▸ Work to complete:
From the line that holds "在貼著張曼玉海報的咖啡店聊天" to the end of the records, reproduce every line exactly. No pictures.

▸ Provided data:
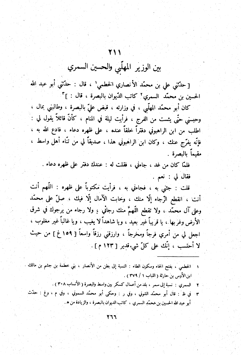 حَدثنِي عَليّ بن مُحَمَّد الْأنْصَارِيّ الحطمي، قَالَ: حَدثنِي أَبُو عبد الله الْحُسَيْن بن مُحَمَّد السمري كَاتب الدِّيوَان بِالْبَصْرَةِ، قَالَ: كَانَ أَبُو مُحَمَّد المهلبي، فِي وزارته قبض عَليّ بِالْبَصْرَةِ، وطالبني بِمَال وحبسني حَتَّى يئست من الْفرج، فَرَأَيْت لَيْلَة فِي الْمَنَام، كَأَن قَائِلا يَقُول لي: اطلب من ابْن الراهبوني دفترا خلقا عِنْده، على ظَهره دُعَاء، فَادع الله بِهِ، فَإِنَّهُ يفرج عَنْك، وَكَانَ ابْن الراهبوني هَذَا، صديقا لي من تناء أهل وَاسِط مُقيما بِالْبَصْرَةِ.
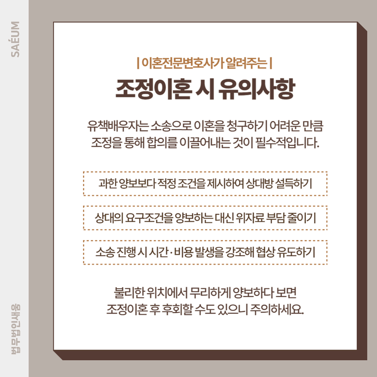 특히 유책배우자는 소송으로 이혼을 청구하기 어려운 만큼, 조정을 통해 합의를 이끌어내는 것이 필수적입니다. 하지만 불리한 위치에서 무리하게 양보하다 보면 이후 후회할 수도 있습니다.
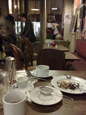 在貼著張曼玉海報的咖啡店聊天
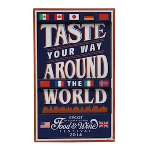 Taste Your Way Around the World in celebration of the 2014 Epcot International Food and Wine Festival. Commemorate your trip with this magnet featuring the 2014 Festival logo.
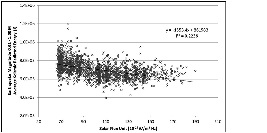 The daily solar flux units displayed a strong negative relationship [rho = −0.51; r = −0.48, p < 0.001] with the daily average event energy for those recorded magnitudes between 0.01 - 1.00 M. In other words about 25% of the variance between the daily fluctuations in solar flux units and average earthquake energy within that band was shared. The strengths of the associations between the power of the solar flux activity and the other intervals
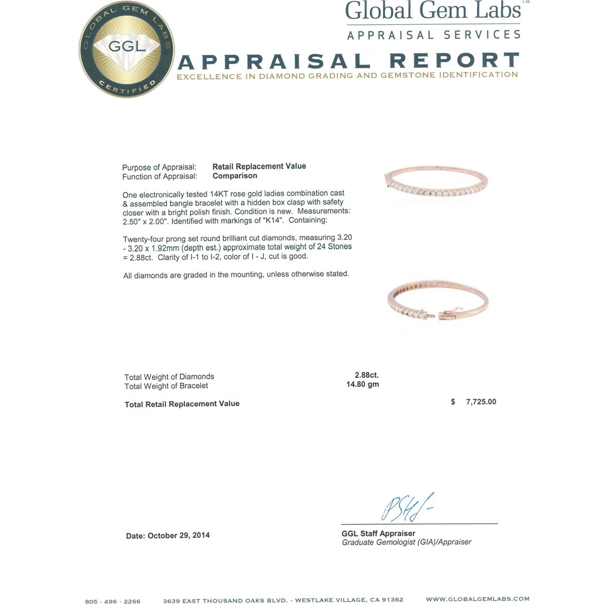 One electronically tested 14KT rose gold ladies combination cast & assembled bangle bracelet with a hidden box clasp with safety closer with a bright polish finish. Measurements: 2.50 x 2.00. Identified with markings of K14. Condition is new. Containing: Twenty-Four prong set round brilliant cut diamonds, measuring 3.20 - 3.20 x 1.92mm (depth est.) approximate total weight of 24 Stones = 2.88ct. Clarity: I-1 to I-2. Color: I - J, Cut is Good. All diamonds are graded in the mounting, unless otherwise stated. Total Weight of Diamonds 2.88ct. Total Weight of Bracelet 14.80 grams. GGL Appraised at $7,725.00.
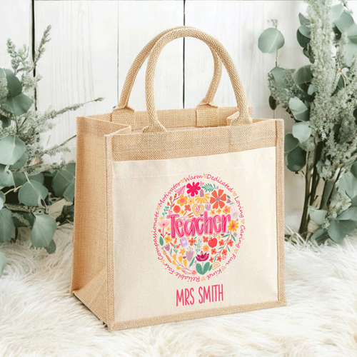 Personalised Teacher Jute Tote Bag - Floral Praise Circle

▸ Result:
 在貼著張曼玉海報的咖啡店聊天
 Taste Your Way Around the World in celebration of the 2014 Epcot International Food and Wine Festival. Commemorate your trip with this magnet featuring the 2014 Festival logo.
 The daily solar flux units displayed a strong negative relationship [rho = −0.51; r = −0.48, p < 0.001] with the daily average event energy for those recorded magnitudes between 0.01 - 1.00 M. In other words about 25% of the variance between the daily fluctuations in solar flux units and average earthquake energy within that band was shared. The strengths of the associations between the power of the solar flux activity and the other intervals
 One electronically tested 14KT rose gold ladies combination cast & assembled bangle bracelet with a hidden box clasp with safety closer with a bright polish finish. Measurements: 2.50 x 2.00. Identified with markings of K14. Condition is new. Containing: Twenty-Four prong set round brilliant cut diamonds, measuring 3.20 - 3.20 x 1.92mm (depth est.) approximate total weight of 24 Stones = 2.88ct. Clarity: I-1 to I-2. Color: I - J, Cut is Good. All diamonds are graded in the mounting, unless otherwise stated. Total Weight of Diamonds 2.88ct. Total Weight of Bracelet 14.80 grams. GGL Appraised at $7,725.00.
 Personalised Teacher Jute Tote Bag - Floral Praise Circle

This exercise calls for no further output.